Wherein the specific implementation process of each module takes part in the description of the method of the present invention.
Based on the same inventive concept, another embodiment of the present invention provides an electronic device (computer, server, smartphone, etc.) comprising a memory storing a computer program configured to be executed by the processor and a processor, the computer program comprising instructions for performing the steps of the inventive method.
Based on the same inventive concept, another embodiment of the present invention provides a computer-readable storage medium (e.g., ROM/RAM, magnetic disk, optical disk) storing a computer program, which when executed by a computer, performs the steps of the inventive method.

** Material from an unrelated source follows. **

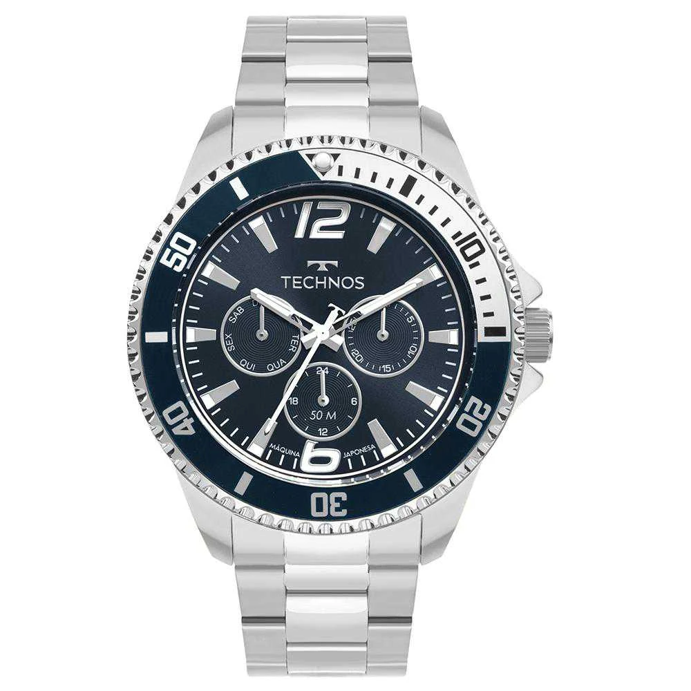 A linha Racer Premium traz lançamentos de design esportivo com presença marcante e mostrador de fácil leitura, com numeração arábica nas posições de 6/12 horas, que reforça sua identidade robusta. O aro externo com aplicação de alumínio acrescenta personalidade ao visual, enquanto suas versões contam com multifunção ou calendário para garantir praticidade no dia a dia. Disponível com caixa de 46mm e pulseira de aço inoxidável em 3 links, o modelos conta com mostrador na cor azul, além de resistência à água de 50 metros.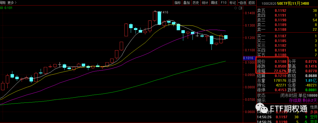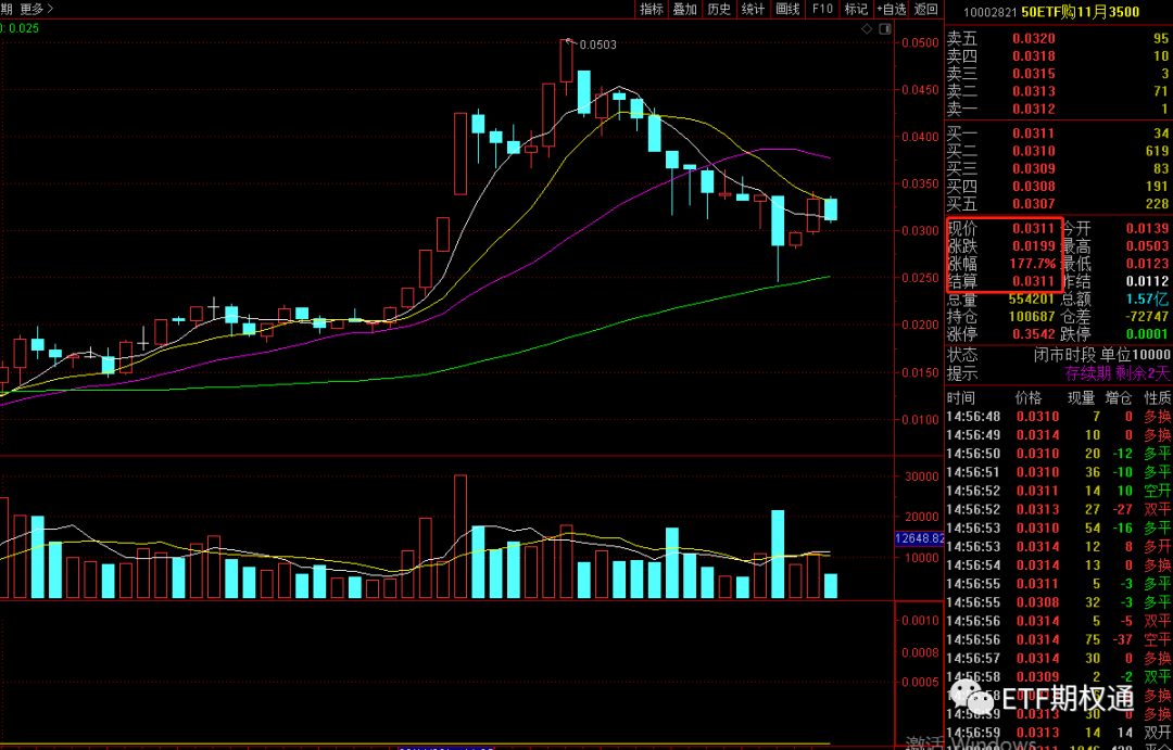 如果投资者在预备同等本金的情况下分别买入以上三个合约的话,虚值一档合约价格的涨幅比例是最大的;但虚值合约适合博弈型投资选手,此类策略属于最为激进的投机策略,要特别注意:标的价格即使发生了有利方向的变动,你买入的深度虚值合约可能不会赚钱,反而赔钱,甚至变成一张废纸!

Although specific details of the invention, algorithms and figures are disclosed for illustrative purposes, these are intended to aid in the understanding of the contents of the invention and the implementation in accordance therewith, as will be appreciated by those skilled in the art: various substitutions, changes and modifications are possible without departing from the spirit and scope of the present invention and the appended claims. The invention should not be limited to the preferred embodiments and drawings disclosed herein, but rather should be defined only by the scope of the appended claims.